Task details: In the listing below, the lines starting at the line with "Natural fiber rugs" and ending at the line with "Figure 4: Text" are to be output verbatim. Images stay out of the copy.

Supplied entries:
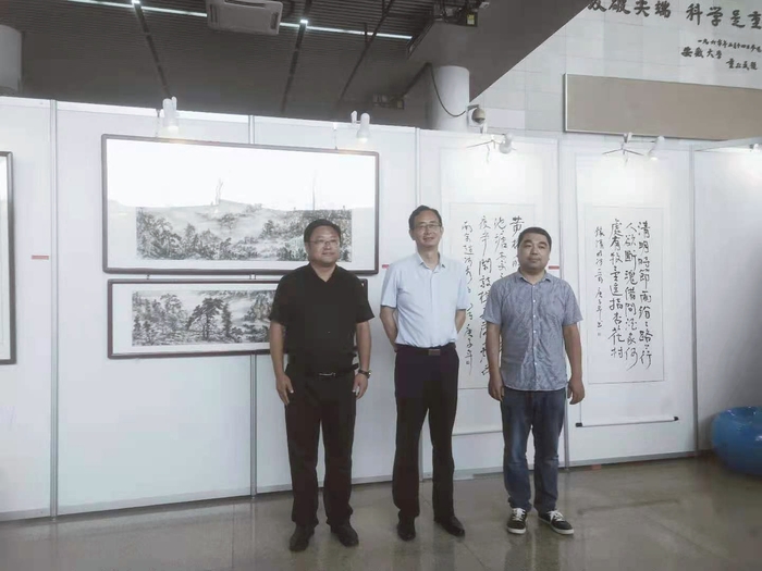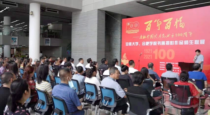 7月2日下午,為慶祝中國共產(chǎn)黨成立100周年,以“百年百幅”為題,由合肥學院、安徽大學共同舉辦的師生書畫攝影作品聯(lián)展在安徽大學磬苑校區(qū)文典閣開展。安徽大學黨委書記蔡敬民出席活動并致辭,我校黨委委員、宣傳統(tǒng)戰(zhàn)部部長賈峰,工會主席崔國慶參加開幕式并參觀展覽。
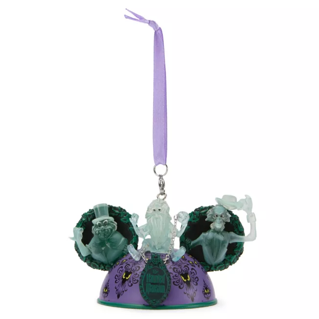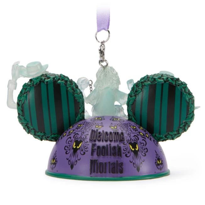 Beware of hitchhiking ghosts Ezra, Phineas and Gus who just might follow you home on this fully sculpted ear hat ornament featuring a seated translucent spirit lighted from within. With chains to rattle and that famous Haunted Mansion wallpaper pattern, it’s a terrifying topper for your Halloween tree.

...

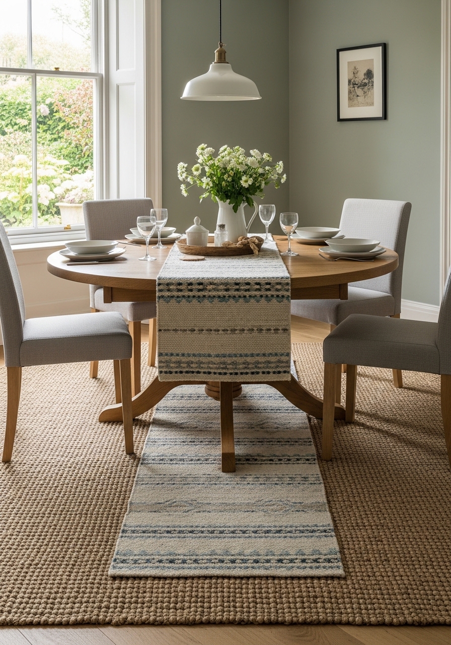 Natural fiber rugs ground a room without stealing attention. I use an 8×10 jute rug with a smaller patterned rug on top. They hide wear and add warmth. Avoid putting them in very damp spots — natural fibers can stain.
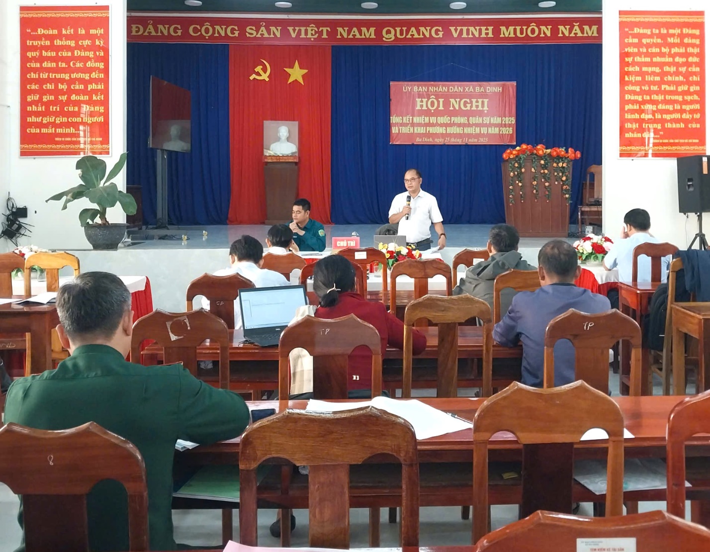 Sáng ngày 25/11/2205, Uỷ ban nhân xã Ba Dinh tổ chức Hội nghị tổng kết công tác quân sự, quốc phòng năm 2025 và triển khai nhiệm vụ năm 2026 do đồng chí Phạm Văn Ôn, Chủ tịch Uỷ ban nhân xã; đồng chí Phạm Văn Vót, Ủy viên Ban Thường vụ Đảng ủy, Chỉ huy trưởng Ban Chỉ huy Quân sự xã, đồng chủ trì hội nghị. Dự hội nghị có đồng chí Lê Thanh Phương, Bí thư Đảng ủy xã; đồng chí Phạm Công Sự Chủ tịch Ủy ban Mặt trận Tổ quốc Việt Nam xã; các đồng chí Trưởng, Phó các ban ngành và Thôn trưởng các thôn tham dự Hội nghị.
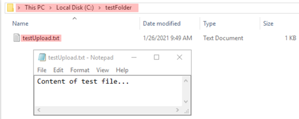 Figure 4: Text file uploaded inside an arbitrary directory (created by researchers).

Finished exercise:
 Natural fiber rugs ground a room without stealing attention. I use an 8×10 jute rug with a smaller patterned rug on top. They hide wear and add warmth. Avoid putting them in very damp spots — natural fibers can stain.
 Sáng ngày 25/11/2205, Uỷ ban nhân xã Ba Dinh tổ chức Hội nghị tổng kết công tác quân sự, quốc phòng năm 2025 và triển khai nhiệm vụ năm 2026 do đồng chí Phạm Văn Ôn, Chủ tịch Uỷ ban nhân xã; đồng chí Phạm Văn Vót, Ủy viên Ban Thường vụ Đảng ủy, Chỉ huy trưởng Ban Chỉ huy Quân sự xã, đồng chủ trì hội nghị. Dự hội nghị có đồng chí Lê Thanh Phương, Bí thư Đảng ủy xã; đồng chí Phạm Công Sự Chủ tịch Ủy ban Mặt trận Tổ quốc Việt Nam xã; các đồng chí Trưởng, Phó các ban ngành và Thôn trưởng các thôn tham dự Hội nghị.
 Figure 4: Text file uploaded inside an arbitrary directory (created by researchers).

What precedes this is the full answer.